Естественно, в полиции думали о возможности широкого сопротивления. По свидетельству одного из современников, Гжезински и Хаймансберг вместе с министериальдиректором Клаузенером будто бы настойчиво требовали у Зеверинга «проведения борьбы всеми средствами», в частности, «немедленной и беспощадной акции берлинской полиции, объявления всеобщей забастовки, немедленного ареста имперского правительства и президента, а также объявления его недееспособным»; но это предложение было отклонено[284]. Отпор не вышел за рамки бессильных протестов в публицистике и обращений к высшему государственному суду. И это при том, что в распоряжении прусского правительства были превосходно обученные силы полиции численностью в 90 тыс. человек, кроме того, «Рейхсбаннер», приверженцы республиканских партий и профсоюзы; к тому же оно занимало все ключевые позиции. Но боязнь гражданской войны, благоговение перед конституцией, сомнения в действенности всеобщей забастовки в условиях царившей безработицы и многие другие подобные соображения в конечном итоге заблокировали все планы сопротивления.
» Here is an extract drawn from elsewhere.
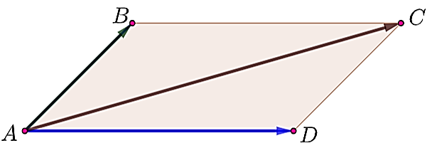 Nếu $ABCD$ là một hình bình hành thì ta có: $\vec{AB} + \vec{AD} = \vec{AC}$.

Папен сумел без помех, сопровождаемый лишь взглядами своих смирившихся противников, захватить власть в «сильнейшем бастионе республики». Мотивы прусских политиков были, конечно, весомы и внушали уважение, а если взвесить все обстоятельства, то приходишь к выводу, что их решение, вероятно, было все же разумным. Но перед лицом истории эта разумность мало что значит. Там не возникло и мысли о каком-то проявлении сопротивления вопреки всему, и ни на одном из этапов событий Зеверинг и его ослабленные, морально сломленные соратники даже и не подумали о том, чтобы хотя бы почётным концом заставить забыть свою половинчатость и упущения прошедших тринадцати лет и дать импульс обновлению демократического самосознания. Подлинная суть дня 20-го июля 1932 года, которую нельзя недооценивать, заключается как раз в психологических последствиях: этот день лишил мужества одних и одновременно показал другим, что особого отпора со стороны республики можно не опасаться.

вернуться

283

Heiden К. Geburt, S. 71, по поводу переговоров, состоявшихся 20 июля, см. официальный протокол, опубликованный в: Ursachen und Folgen, Bd. VIII, S. 572 f. К. Хайден, в частности, метко заметил, что 20 июля 1932 года положило конец социал-демократическому полицейскому социализму: «Для борьбы за бессмысленную, ни на что полезное не применявшуюся власть это правительство годами оттачивало и полировало полицейскую саблю, но как только дело наконец-то дошло до её применения, оно не решилось испортить зазубринами эту красивую вещицу».

вернуться

284

Предложение депутата от партии Центра Якоба Диля, см.: Diel J. Das Ermaechtigungsgesetz. In: Die Freiheit, 1, Nr. 5 (Okt. 1946), S. 28. О подобном настойчивом требовании, предъявленном Зеверингу, и оказавшемся тщетным, свидетельствует министр финансов Пруссии Клеппер, см.: Kessler H. Graf, Op. cit. S. 690 f.